Supabase
Learn how to integrate Tambo with Supabase Auth for user authentication.
Supabase Auth is a complete authentication solution that integrates seamlessly with your Supabase database. This guide shows how to integrate it with Tambo in a Next.js application.
Prerequisites
This guide assumes you've already set up Supabase Auth in your Next.js application, including the auth callback route. If you haven't, follow the Supabase Next.js Quick Start first.

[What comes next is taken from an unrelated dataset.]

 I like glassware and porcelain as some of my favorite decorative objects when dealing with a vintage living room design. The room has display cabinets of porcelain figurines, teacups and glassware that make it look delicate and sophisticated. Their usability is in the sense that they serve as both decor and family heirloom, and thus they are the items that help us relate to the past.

JWT Verification Requirement
Supabase Auth doesn't support asymmetric JWT verification. You must disable JWT verification in your Tambo project settings (Settings > User Authentication > Verification Strategy > None) when using Supabase Auth.
Installation
Install the required packages:
npm install @supabase/supabase-js @tambo-ai/reactIntegration Options
Server-Side Token Retrieval (Recommended)

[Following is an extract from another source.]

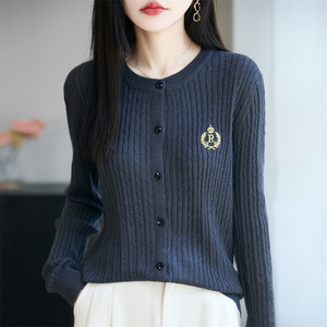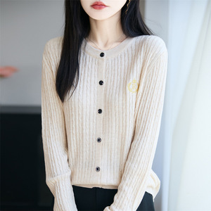 2025年早秋新款精纺羊毛圆领针织开衫长袖女刺绣字母扭花上衣外套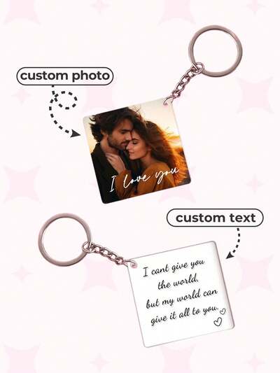 Custom 1pc Photo And Text Keychain, Valentine's Day, Birthday's Gift, Anniversaries, Couples Gift, Colorful,Cute,Adorable,Funny,Kawaii,Y2K,Stylish,Unisex,Casual,Custom,Personalized,Unique,Customized,Ideal Gifts For Him,Ideal Gifts For Her,Her,Boyfriend,Girlfriend,Family,Friends,School Supplies,Back To School,For Office,For School,For Classroom,For TeacherFor Dorm Rooms

Use this approach for better security and performance, especially when you don't need real-time authentication state changes.

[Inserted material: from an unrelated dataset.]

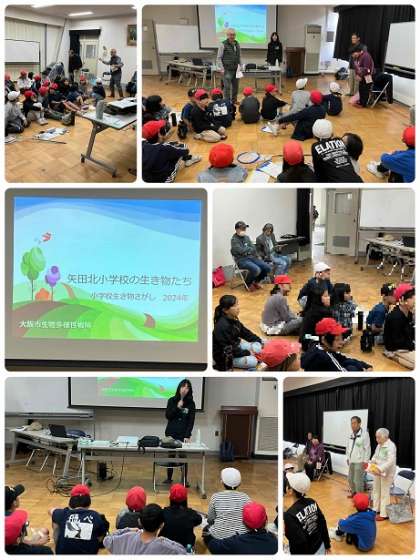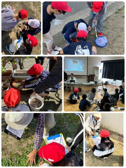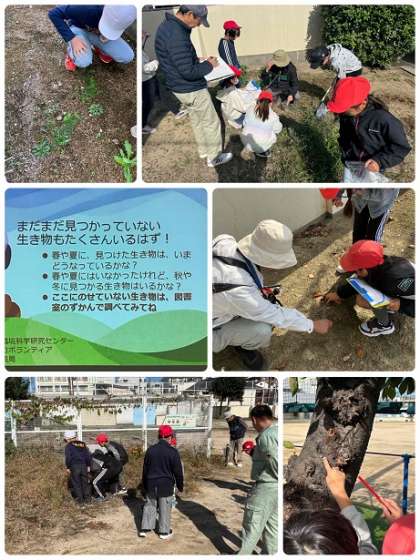 大阪市立環境科学研究センター、大阪市環境局の方が来られ、校庭の「生き物さがし」の2回目を行いました。5月には、96種類の生き物(植物・動物)を見つけることができましたが、今回は5月とは違う生き物が〇〇種類見つけることができました。

import { createServerClient } from "@supabase/supabase-js";
import { cookies } from "next/headers";
import ClientLayout from "./client-layout";
export default async function RootLayout({
children,
}: {
children: React.ReactNode;
}) {
const supabase = createServerClient(
process.env.NEXT_PUBLIC_SUPABASE_URL!,
process.env.NEXT_PUBLIC_SUPABASE_ANON_KEY!,
{
cookies: {
get(name: string) {
return cookies().get(name)?.value;
},
},
},
);
const {
data: { session },
} = await supabase.auth.getSession();
return (
<html lang="en">
<body>
<ClientLayout userToken={session?.access_token}>
{children}
</ClientLayout>
</body>
</html>
);
}"use client";
import { TamboProvider } from "@tambo-ai/react";
import { ReactNode } from "react";
interface ClientLayoutProps {
children: ReactNode;
userToken?: string;
}
export default function ClientLayout({
children,
userToken,
}: ClientLayoutProps) {
return <TamboProvider userToken={userToken}>{children}</TamboProvider>;
}Client-Side Token Retrieval
Use this approach when you need real-time authentication state management or client-side routing with authentication guards.
"use client";
import { TamboProvider } from "@tambo-ai/react";
import { createClient } from "@/lib/supabase";
import { ReactNode, useEffect, useState } from "react";
interface ClientLayoutProps {
children: ReactNode;
}
export default function ClientLayout({ children }: ClientLayoutProps) {
const [accessToken, setAccessToken] = useState<string | undefined>();
const supabase = createClient();
useEffect(() => {
// Get initial session
const getInitialSession = async () => {
const {
data: { session },
} = await supabase.auth.getSession();
setAccessToken(session?.access_token);
};
getInitialSession();
// Listen for auth changes
const {
data: { subscription },
} = supabase.auth.onAuthStateChange((_event, session) => {
setAccessToken(session?.access_token);
});
return () => subscription.unsubscribe();
}, [supabase]);
return <TamboProvider userToken={accessToken}>{children}</TamboProvider>;
}Usage
Once configured, you can use Tambo components throughout your application:
import { MessageThreadFull } from "@components/ui/tambo";
export default function Dashboard() {
return (
<div>
<h1>Dashboard</h1>
<MessageThreadFull />
</div>
);
}Supabase-Specific Features
Automatic Token Refresh
Supabase automatically handles token refresh in the background. When tokens expire, Supabase will automatically refresh them, and the TamboProvider will receive the updated token through the auth state change listener.
Session Management
Supabase provides robust session management across tabs and devices. The auth state change listener ensures that authentication state stays synchronized across your application.
Why Disable JWT Verification
Supabase uses symmetric JWT signing (HMAC-SHA256) rather than asymmetric signing (RS256). Tambo's JWT verification is designed for asymmetric tokens from OAuth providers. Since Supabase handles authentication security, disabling JWT verification in Tambo is safe and recommended.